DATA EXCERPTS →
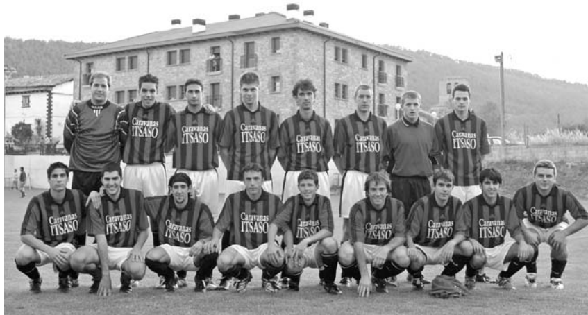
El equipo se presentó ante su afición en el I Trofeo Valle de Ezkabarte, el 25 de agosto.

Si bien esta escuadra representa la cara más conocida del Avance-Ezkabarte, el club no olvida la base. Es por eso que cuenta con un equipo de fútbol txiki para niños de entre seis a nueve años. Una decena de jóvenes promesas integran una plantilla que está abierta a nuevas incorporaciones.
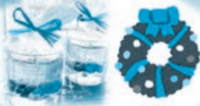
キャンドル作り & リース作り
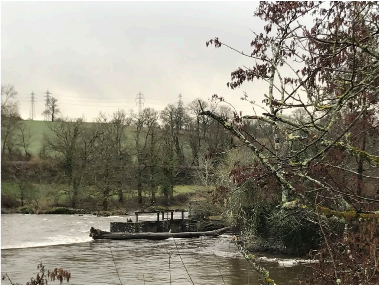
Vue de l'amont (depuis la rive droite)
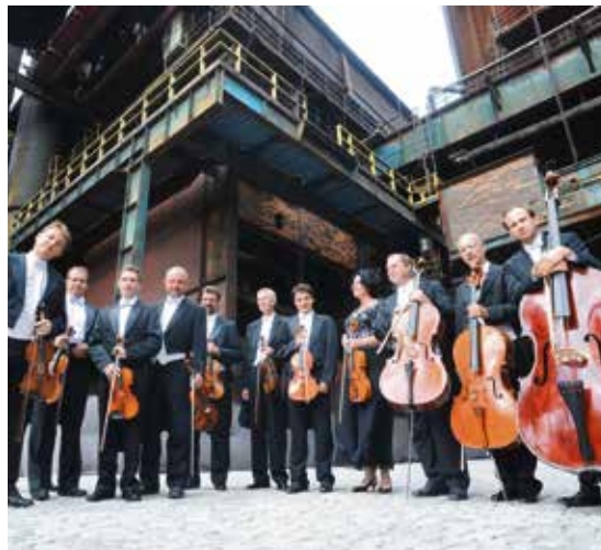
Janáčkův komorní orchestr patří k hudební špičce.

Koncert Janáčkovy komorního orchestru, který se řadí ke stálým ostravské hudební scény a jeho výkony patří tradičně k tomu nejlepšímu z její nabídky, je na programu 23. dubna od 19 hodin ve společenském sále Domu kultury města Ostravy.

WHAT THIS TASK INVOLVES →
Considering only the records above, state the number of lines that include the word "equipo", with nothing added.

TASK RESPONSE →
2